Pakistan knocks at IMF door to avoid default

Decision comes after friendly states refused to lend a helping hand

Finance Minister Asad Umar says decision is taken after consulting leading economists. PHOTO: FILE

ISLAMABAD:
After weeks of dilly-dallying, Pakistan on Monday announced approaching the International Monetary Fund (IMF) for a bailout package aimed at avoiding default on international debt obligations and restoring confidence among the investors.

"After taking into account the current situation and consultation with leading economists, the government has decided to approach the IMF for a bailout programme," announced Finance Minister Asad Umar through a recorded video message.



The government took the decision after friendly countries did not bail it out despite Prime Minister Imran Khan himself went to Saudi Arabia with a begging bowl.

Adviser to the Prime Minister on Commerce Razak Dawood, who accompanied the prime minister, had described his Saudi Arabia visit as "it was awful to beg from Saudi Arabia".

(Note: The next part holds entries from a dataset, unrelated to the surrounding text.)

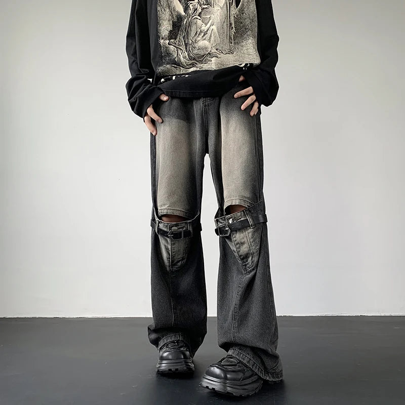 Threebooy Men's Jeans Retro Trousers Knee Holes Splicing High Street Loose Denim Trousers Flared Jeans Straps Cowboy Casual Long Pants
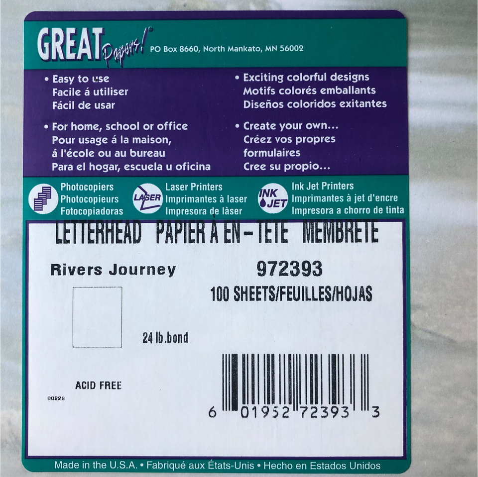 GREAT PAPERS Letterhead Rivers Journey 100 Sheets Sealed Package Acid Free New
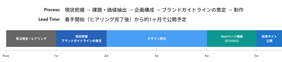 企画した構成を元に採用サイトを制作します。着手開始から最短1ヶ月で公開予定(※1)です。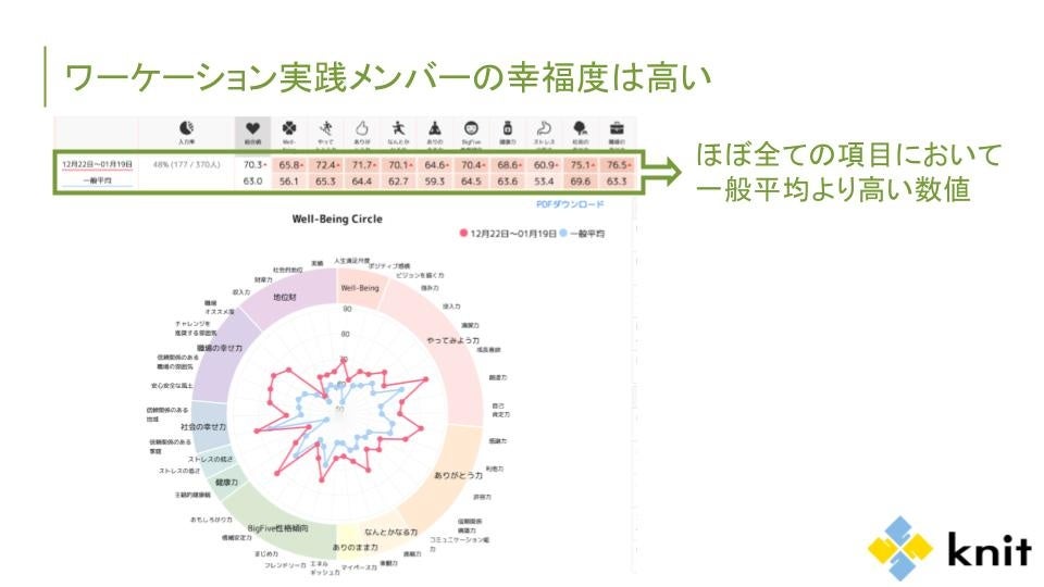◆企業がワーケーションを取り組む意義として、ワーケーションを実施したメンバーの幸福度は、高い結果になることがあげられています。ほぼすべての項目で平均値よりも高い数字になっていることを説明しました。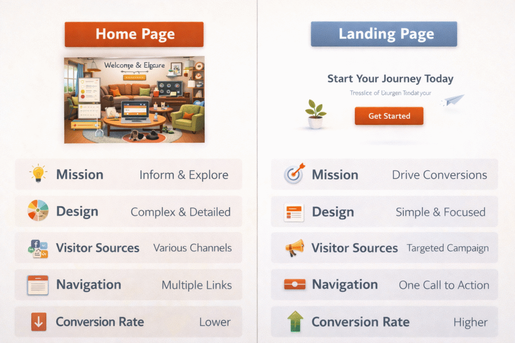 Home Page vs Landing Page Explained

To further thrash out the details, the finance minister will hold meetings with the top IMF leadership during the annual meetings of the World Bank-IMF at Bali, Indonesia later this week.

Govt hints at resorting to IMF bailout deal

The government took the decision after the prime minister on Monday won endorsements of leading economists for negotiating an IMF bailout package.

But the experts warned the premier that the loan conditions could undermine the PTI's promise to provide millions of jobs and homes.

The members of the Economic Advisory Council and other leading economists said 'Ayes' after the State Bank of Pakistan informed them that the country faced approximately $10 billion financing gap that "cannot be filled without the support of the IMF", said sources who attended the meeting.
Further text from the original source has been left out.